- _Problem details_
From the entries below, transcribe exactly the lines between the line holding "Torneira de Cozinha" and the line holding "- Practical and", inclusive; skip all other lines.

- _Supplied records_
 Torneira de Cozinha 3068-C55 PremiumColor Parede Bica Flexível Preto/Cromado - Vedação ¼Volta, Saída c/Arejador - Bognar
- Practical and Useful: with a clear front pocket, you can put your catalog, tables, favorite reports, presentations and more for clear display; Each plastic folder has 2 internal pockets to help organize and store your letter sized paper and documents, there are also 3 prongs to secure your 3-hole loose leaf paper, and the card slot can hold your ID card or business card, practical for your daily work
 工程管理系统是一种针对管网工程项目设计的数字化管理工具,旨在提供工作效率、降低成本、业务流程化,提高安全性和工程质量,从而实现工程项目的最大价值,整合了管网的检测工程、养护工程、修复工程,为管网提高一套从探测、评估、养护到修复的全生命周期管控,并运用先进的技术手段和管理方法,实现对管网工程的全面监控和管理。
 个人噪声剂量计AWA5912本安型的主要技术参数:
...
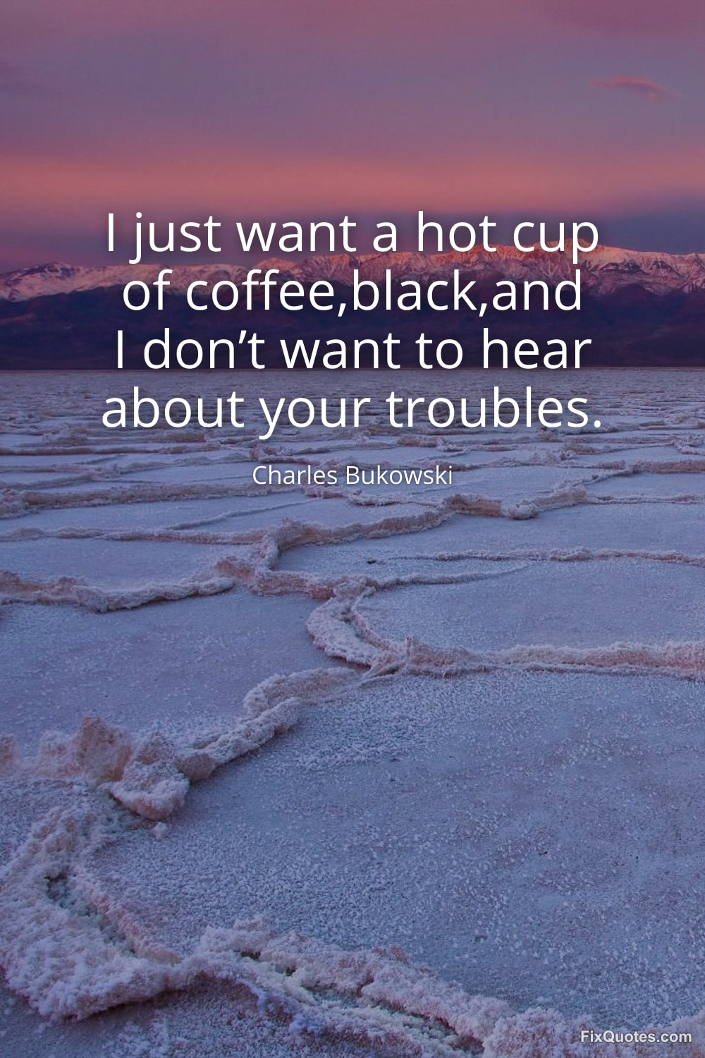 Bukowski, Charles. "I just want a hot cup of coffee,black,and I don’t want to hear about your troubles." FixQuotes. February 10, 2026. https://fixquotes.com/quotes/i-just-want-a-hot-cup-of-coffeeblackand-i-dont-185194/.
* * *
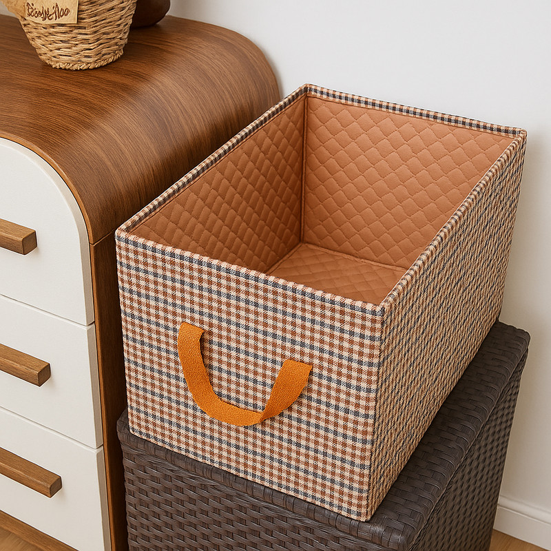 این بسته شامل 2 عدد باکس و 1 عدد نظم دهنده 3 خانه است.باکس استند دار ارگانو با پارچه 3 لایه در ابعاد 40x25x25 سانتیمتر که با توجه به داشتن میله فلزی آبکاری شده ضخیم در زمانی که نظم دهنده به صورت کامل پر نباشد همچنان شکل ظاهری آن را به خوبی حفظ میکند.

- _Answer space_
 Torneira de Cozinha 3068-C55 PremiumColor Parede Bica Flexível Preto/Cromado - Vedação ¼Volta, Saída c/Arejador - Bognar
- Practical and Useful: with a clear front pocket, you can put your catalog, tables, favorite reports, presentations and more for clear display; Each plastic folder has 2 internal pockets to help organize and store your letter sized paper and documents, there are also 3 prongs to secure your 3-hole loose leaf paper, and the card slot can hold your ID card or business card, practical for your daily work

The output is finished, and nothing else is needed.